执行计划例子:
insert overwrite TABLE lpx SELECT t1.bar, t1.foo, t2.foo FROM pokes t1 JOIN invites t2 ON (t1.bar = t2.bar) ;
OK
ABSTRACT SYNTAX TREE:
(TOK_QUERY (TOK_FROM (TOK_JOIN (TOK_TABREF (TOK_TABNAME pokes) t1) (TOK_TABREF (TOK_TABNAME invites) t2) (= (. (TOK_TABLE_OR_COL t1) bar) (. (TOK_TABLE_OR_COL t2) bar)))) (TOK_INSERT (TOK_DESTINATION (TOK_TAB (TOK_TABNAME lpx))) (TOK_SELECT (TOK_SELEXPR (. (TOK_TABLE_OR_COL t1) bar)) (TOK_SELEXPR (. (TOK_TABLE_OR_COL t1) foo)) (TOK_SELEXPR (. (TOK_TABLE_OR_COL t2) foo)))))
STAGE DEPENDENCIES:
Stage-1 is a root stage /根
Stage-0 depends on stages: Stage-1 /0依赖1
Stage-2 depends on stages: Stage-0 /2依赖0
STAGE PLANS:
Stage: Stage-1
Map Reduce//这个阶段是一个mapreduce作业 Alias -> Map Operator Tree: //map操作树,对应map阶段
t1
TableScan //扫描表获取数据 from加载表,描述中有行数和大小等
alias: t1 //表别名
Reduce Output Operator //这里描述map的输出,也就是reduce的输入。
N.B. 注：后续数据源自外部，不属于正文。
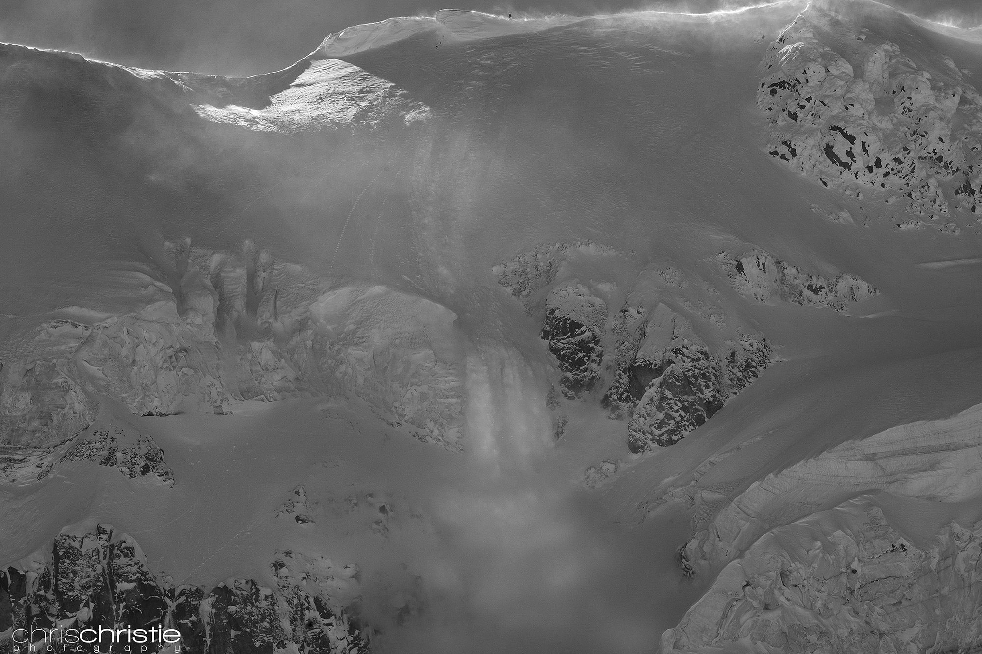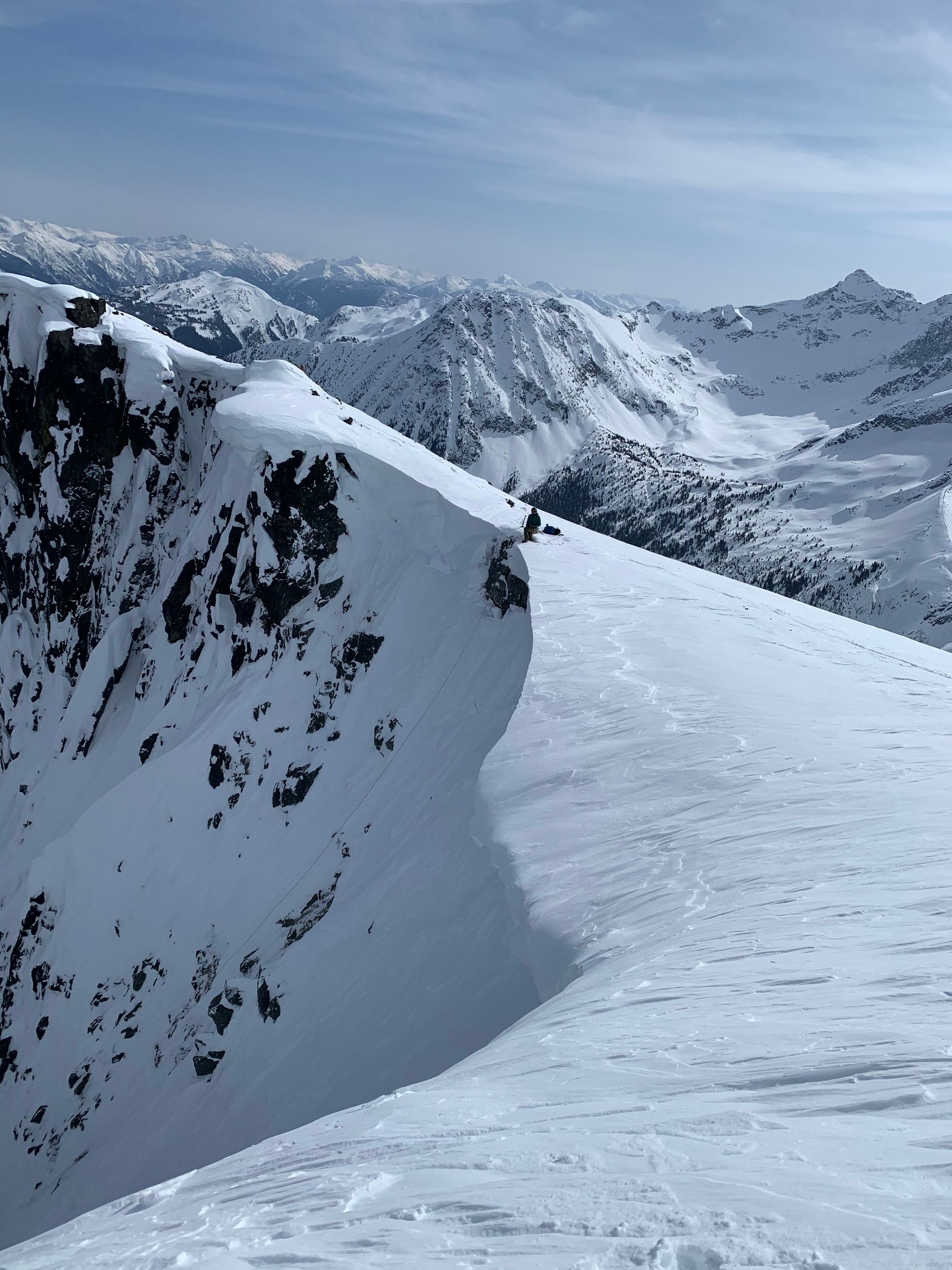 Largely we’ve taken advantage of these conditions to get into bigger steep terrain on Nch’Kay, in the Tantalus, the Wedgemount Group, and on Mt. Currie. In general we’ve found that steep lines with big cornices were generally a bit bombed out as those cornices have started failing. Lines without cornice overhead have held much better snow! East facing aspects at mid-elevation have started developing a melt freeze crust while west facing aspects are firmer and more wind affected. Luckily sheltered north aspects are holding pretty amazing powder still!

比如key,partition,sort等信息
key expressions: //t1表输出到reduce阶段的key信息
expr: bar
type: string
sort order: + //一个排序字段,这个排序字段是key=bar,多个排序字段多个+
Map-reduce partition columns: //partition的信息,由此也可以看出hive在join的时候会以join on后的列作为partition的列,以保证具有相同此列的值的行被分到同一个reduce中去
expr: bar
type: string
tag: 0 //对t1表打标签
value expressions: //t1表输出到reduce阶段的value信息
expr: foo
type: int
expr: bar
type: string
t2
TableScan
alias: t2
Reduce Output Operator
key expressions:
expr: bar
type: string
sort order: +
Map-reduce partition columns:
expr: bar
type: string
tag: 1
value expressions:
expr: foo
type: int
Reduce Operator Tree://reduce操作树,相当于reduce阶段Join Operator
condition map:
Inner Join 0 to 1
condition expressions:
0 {VALUE._col0} {VALUE._col1} //对应前面t1.bar, t1.foo
1 {VALUE._col0} //对应前面t2.foo
handleSkewJoin: false
outputColumnNames: _col0, _col1, _col5
Select Operator //筛选列,描述中有列名、类型,输出类型、大小等。
expressions:
expr: _col1
type: string
expr: _col0
type: int
expr: _col5
type: int
outputColumnNames: _col0, _col1, _col2 //为临时结果字段按规则起的临时字段名
File Output Operator //输出结果到临时文件中,描述介绍了压缩格式、输出文件格式。
compressed: false
GlobalTableId: 1
table:
input format: org.apache.hadoop.mapred.TextInputFormat
output format: org.apache.hadoop.hive.ql.io.HiveIgnoreKeyTextOutputFormat
serde: org.apache.hadoop.hive.serde2.lazy.LazySimpleSerDe
name: default.lpx
Stage: Stage-0
Move Operator //Stage-0简单把结果从临时目录,移动到表lpx相关的目录。
tables:
replace: true
table:
input format: org.apache.hadoop.mapred.TextInputFormat
output format: org.apache.hadoop.hive.ql.io.HiveIgnoreKeyTextOutputFormat
serde: org.apache.hadoop.hive.serde2.lazy.LazySimpleSerDe
name: default.lpx
Stage: Stage-2
Stats-Aggr Operator
========================================
========================================
从信息头:
STAGE DEPENDENCIES:
Stage-1 is a root stage
Stage-0 depends on stages: Stage-1
Stage-2 depends on stages: Stage-0
从这里可以看出Plan计划的Job任务结构,整个任务会分为3个Job执行,第一个Job将由Stage-1构成;
第二个Job处理由Stage-0构成,Stage-0的处理必须依赖Stage-1阶段的结果;
第三个Job处理由Stage-2构成,Stage-2的处理必须依赖Stage-0阶段的结果。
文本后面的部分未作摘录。